La tragedia de una memoria infinita
No recuerdo (no es una broma; creo que acababa de leer La memoria de Shakespeare, de Borges) de qué modo conocí la desaventurada historia de S. Puedo reconocer, sí, la razón del interés que despertó en mí. Es casi mi opuesto. No es además la genial invención ni el sueño de un demiurgo: su historia, cierta y fatalmente memorable, transcurre en Rusia, a comienzos del siglo pasado. No es sencillo olvidarla, aunque extraviarla sería un modo de rendirle tributo a quien padeció hasta la locura de memoria infalible.
Solomón Veniamínovich Shereshevski (18861958) era periodista de oficio en un periódico de Moscú. Cuando el jefe de noticias del diario reunía a los cronistas para asignarles las tareas del día, le parecía extraño que el joven redactor no anotara las instrucciones como lo hacían sus colegas. Soltaba direcciones, horarios, nombres, pero Shereshevski parecía empecinado en desoírlo. Pensó al principio que se burlaba. Pero, al cabo del día, la tarea había sido minuciosamente hecha.
Cuentan, la historia merece ser cierta, que una vez le encargaron oír un fatigoso discurso que luego debía mecanografiar en unas cuartillas. Shereshevski, seguro de sí y acaso algo engreído, escuchó la conferencia sin pestañear ni tomar notas; en cuanto llegó a la redacción, la replicó sin un solo error. Alguien reconoció la extravagancia y pensó que un caso tan extraordinario debía asombrar aun a los científicos.
Dócil, tal vez curioso ante su naturaleza inaudita que lo hacía tan distinto de todos los demás, Shereshevski se avino a asistir a un instituto de psicología en Moscú. El neurólogo que lo atendió, Alexander Luria, supo de inmediato que estaba ante un prodigio. La memoria de S. era absoluta. Solo Borges había soñado esa fatalidad.
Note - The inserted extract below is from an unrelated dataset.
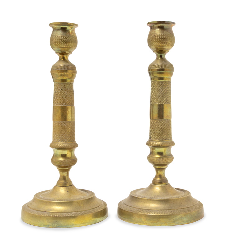 A Pair of Neoclassical Style Brass Candlesticks

En ese primer encuentro, en 1929, el médico escribió en una pizarra una serie de palabras y fórmulas matemáticas. S. (así lo llamó en The Mind of a Mnemonist, el libro en que recogió esa vasta experiencia) las repitió sin fallos; recordó luego poemas en lenguas que desconocía y pasajes de la Divina Comedia en italiano. Seis años después de esa sesión, el médico quiso saber si el paciente aún recordaba las primeras estrofas del Infierno del Dante. S. pronunció cada palabra sin un solo fallo. Ni el paso de los años menguó la memoria infalible de S. Era Funes, el compadrito de Fray Bentos.
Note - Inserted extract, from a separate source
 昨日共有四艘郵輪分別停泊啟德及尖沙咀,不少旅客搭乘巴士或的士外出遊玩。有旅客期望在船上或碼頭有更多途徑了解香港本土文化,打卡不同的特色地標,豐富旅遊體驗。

Al cabo de dieciséis años del encuentro inaugural, Luria quiso saber si el paciente aún recordaba la cifra con que lo había desafiado cuando se conocieron. S. rememoró aquellos números inauditos de manera implacable. Había en aquella destreza que encandilaba a los otros algunas sombras tenues. S. no podía ejercitar abstracciones ni establecer correspondencias; al pronunciar un texto, sin importar si este era en su idioma o en una lengua extranjera, no siempre comprendía el sentido de las palabras. Esa limitación era aún más funesta cuando tenía delante una poesía: su exacta destreza no le permitía desentrañar una metáfora.
Para ganarse unos pesos, acaso secretamente impulsado por la vanidad que le producía la admiración que su portento despertaba, empezó a exhibir su memoria implacable en espectáculos de feria o de circo. Pedía al público que lo retara dictándole series de números y palabras en combinaciones extravagantes, y sencillamente las repetía sin tropiezos. Envalentonado por el aplauso que recibía cada noche, cierta vez decidió doblegarse en dos funciones, pero el narcisismo o el afán de lucro le infligieron la peor derrota:
Ni el paso de los años menguó la memoria infalible de S. Era Funes, el compadrito de Fray Bentos
durante la segunda función, cuando un público renovado le pidió que memorizara cifras y frases igualmente insólitas, no consiguió olvidar las de la primera y cayó en un estado de confusión extrema. La memoria infinita lo condujo a la locura. Otros que procuraron reconstruir su historia aventuran que su decadencia llegó con la persecución de los judíos que hizo el régimen stalinista. Shereshevski había declinado colaborar con los servicios secretos.
También a él lo aguardaba la desdicha que trae lo absoluto. En el crepúsculo de su vida, derrotado por su memoria infalible, anotaba palabras sueltas en trozos de papel que incineraba con el afán de olvidarlas, pero luego decía que las veía en las implacables cenizas.
Murió el 1º de mayo de 1958. Quizá sea una fantasía popular o una broma: cuentan que pasó los últimos años de su vida bebiendo para olvidar.